We hope said guest rooms will be occupied by our sons Simon and Samuel soon. It is no secret that the current situation is weighing heavily on my heart. Our oldest son Simon is stuck in the US and Samuel is in Paris. As the situation is now, they cannot enter Malaysia. We last saw Simon on the 4th of January when he left Beijing and said “see you this summer”! Well that obviously wasn’t possible. So, we’re keeping everything crossed for a special permission for them to enter Malaysia for Christmas. Should we succeed, it would be the best Christmas present ever! They would of course have to quarantine for 2 weeks but that would be a small price to pay for the family to be reunited. The boys are both troopers and have remained optimistic the whole time! It would have been unbearable if they had been unhappy and there was nothing we could do about it! Without wanting to sound too cheesy, words cannot describe how proud we are of them! And of Rebecca! She is taking this change in her stride! She started grade 10 at the International School of Kuala Lumpur during quarantine, then joined on campus in the middle of August. The school is amazing and Rebecca is making friends and is doing track and field and touch rugby after school. She misses her friends in Beijing sorely. And so do we! The family dynamics obviously change when you go from 5 to 4 to 3 under the same roof but we try to keep the gang together and motivated through weekly family video calls.
What do I do?
A question I have already been asked many times since we arrived in Malaysia. I’m still on leave from my job in the Council of the European Union. While I’ve embraced the opportunity to try new things and to discover China and South East Asia, I do miss my work and my colleagues. But as you might know, I got into freelance writing while living in China and thankfully, there are still editors who agree to publish my work :-) I thoroughly enjoy writing and telling stories, but although it is very difficult for accompanying spouses to find work in Malaysia, I’m keeping the possibility of a full-time job open (I know, call me crazy!) Let’s see!

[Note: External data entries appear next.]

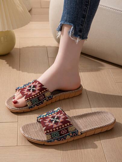Öppna tåtofflor, Platta, Lättviktiga, Slumpmässiga mönster, Bohemisk stil, Unisex, Lämplig för hemmabruk - Multifärgad - Visa 9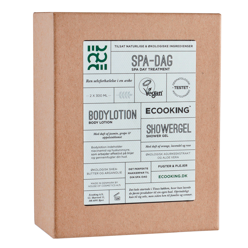 Gaveækse der indeholder det perfekte makker par Ecooking showergel og bodylotion, ideel til din spa-dag.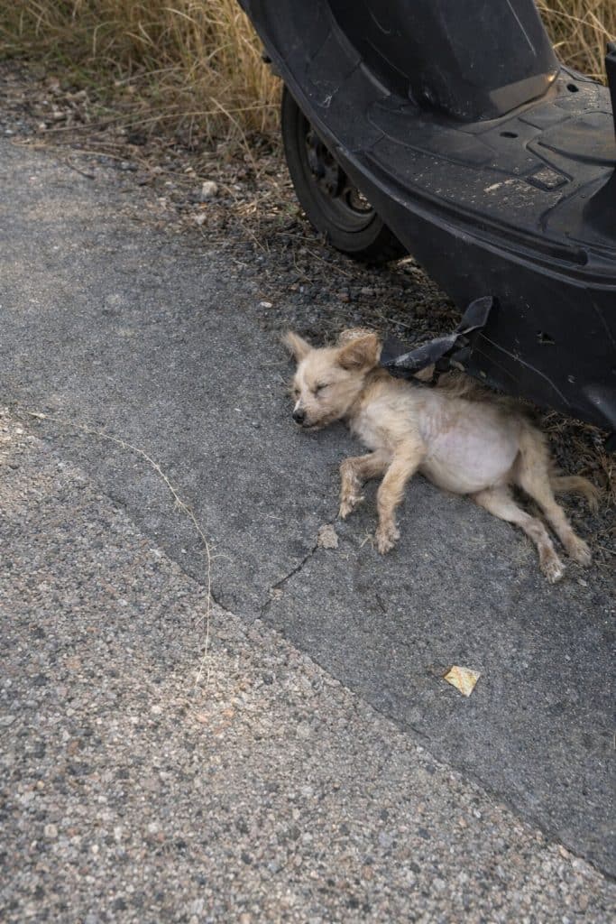 The dog didn’t resist when approached.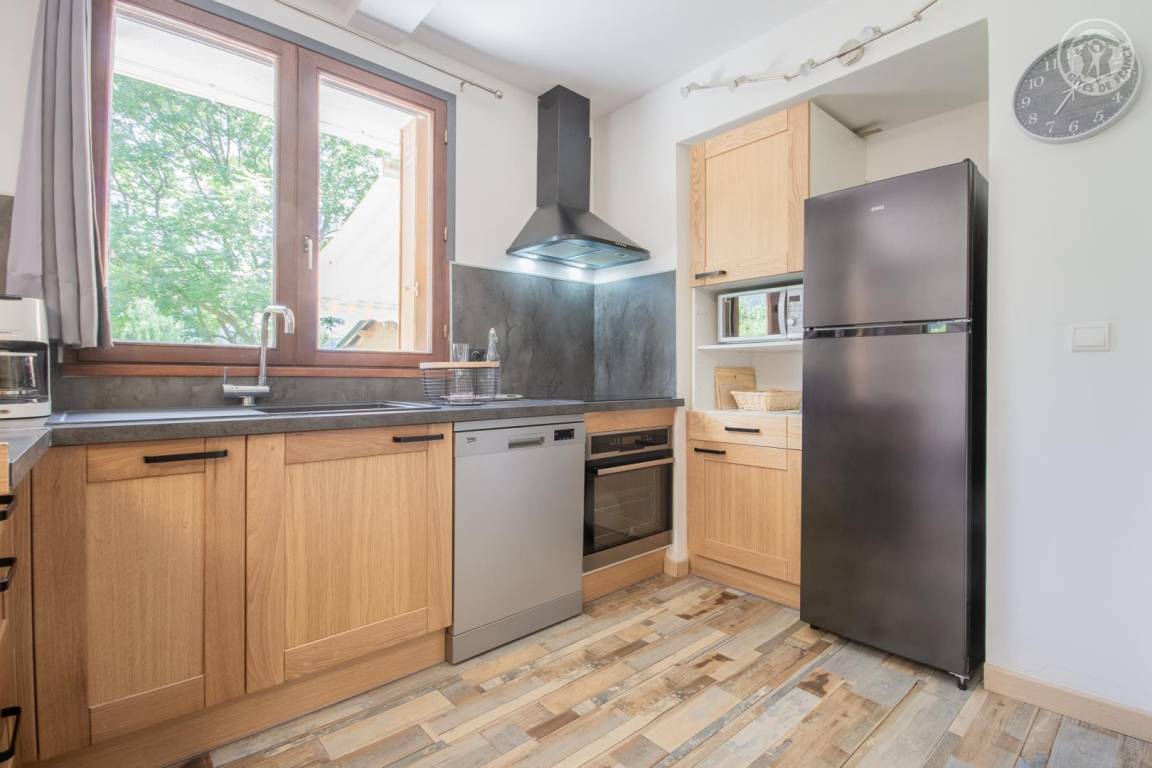 Haus mit 4 Gîtes auf mehreren Ebenen. Einstöckiges Ferienhaus. Wohnküche (1 Schlafsofa 140x190 cm). 3 Schlafzimmer (1 Doppelbett 140x190 cm / 1 Doppelbett 140x190 cm / 2 Einzel-Etagenbetten 90x190 cm + 2 Einzel-Etagenbetten 90x160 cm). 2 Badezimmer (Duschen) mit WC. Private Terrasse. Gemeinsamer Garten und gemeinsamer Swimmingpool. Privater Parkplatz. Miete von Bettwäsche, Handtüchern und Endreinigung: Wenden Sie sich direkt an die Eigentümer. Tiere auf Anfrage und nach Zustimmung des Eigentümers.
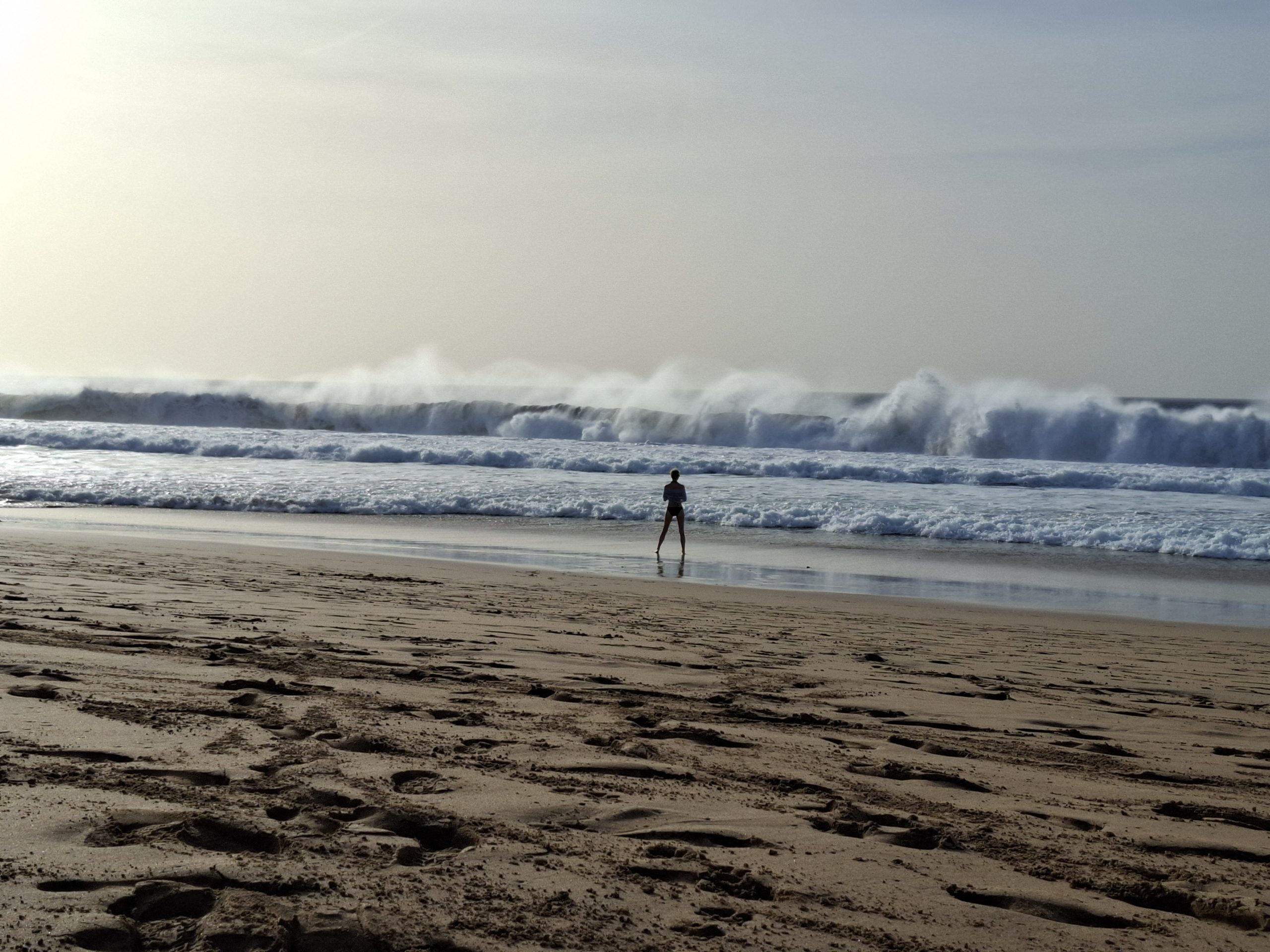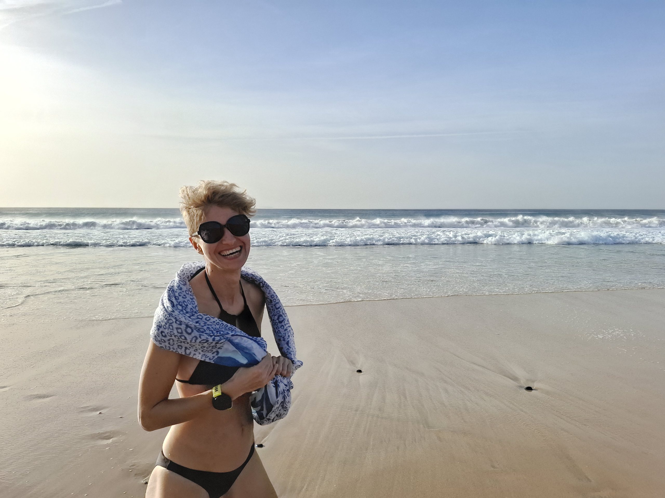 Szeroka i niemal pusta plaża, w oddali zakończona wysokimi klifami. Tak jak i wczoraj wieczorem niebo zrobiło się trochę zasnute i nie było czystego zachodu słońca. Ale dzięki temu i wiatrowi, nie jest tak upalnie.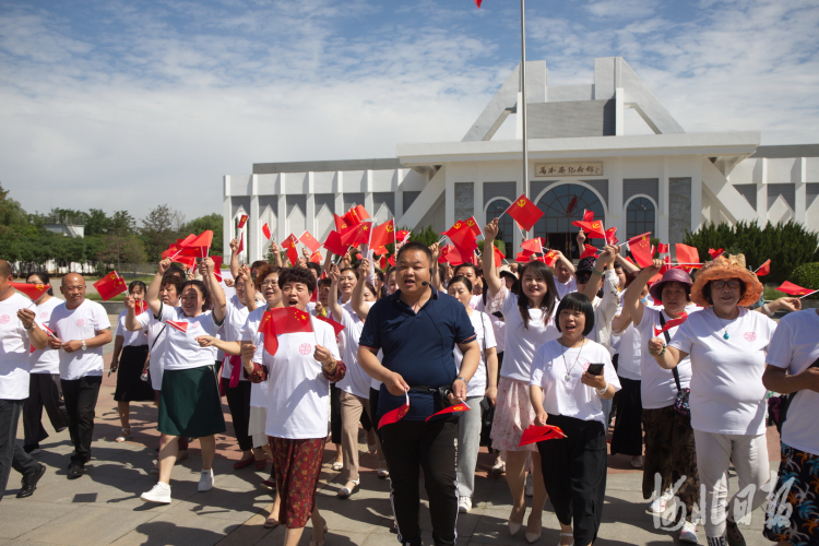2021年6月18日,河北沧州献县的马本斋纪念馆广场迎来身着“冀忆红色足迹 凝聚无限力量”字样白色T恤的参观者,他们是参加这次主题活动的热心网友。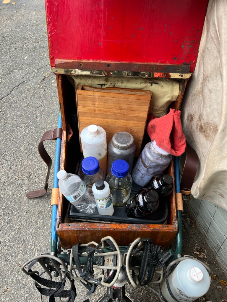 My test plate was spot on for exposure. I next made an ambrotype, seen in the above video, and then a few 8×10 tintypes.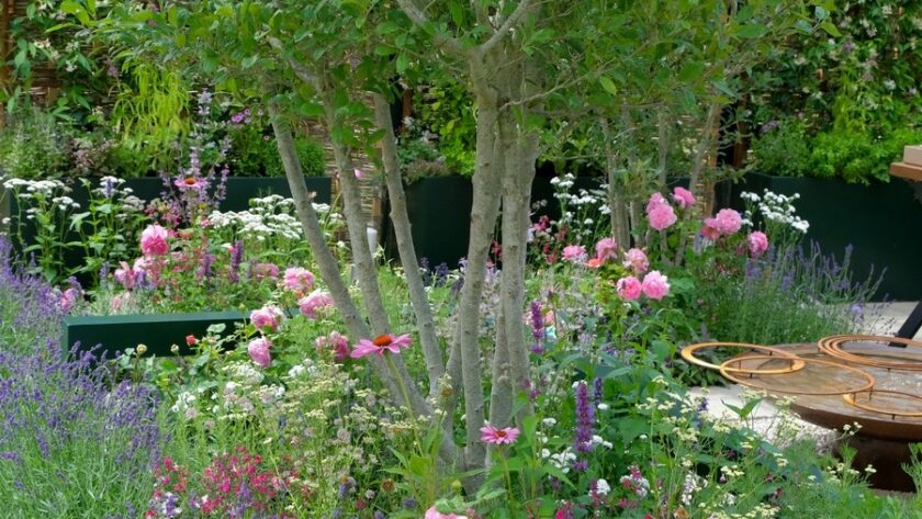 Pero los rosales están presentes también, con mayor o menor abundancia, en algunos de los jardines de exhibición de RHS Hampton Court Garden Festival . Este año, por ejemplo, en el apartado Get Started Garden, que pretende inspirar a jardineros principiantes e impulsar las carreras de los diseñadores en ciernes, Nicola Hale ha diseñado el Landform Mental Wealth Garden, cuyo objetivo es “promover la sensación de bienestar” y lo hace uniendo el aroma y la belleza de la plantación.

In the meantime, my everyday life consists of walks, sorting out things for the house, writing, seeing friends (including my lovely Danish friends from our bookclub Buku Wanita) and singing! I was also studying Malay, but singing won over language learning as the timing clashed :-) I joined the Klang Valley Harmony female barbershop group a couple of weeks ago and have met some lovely ladies there!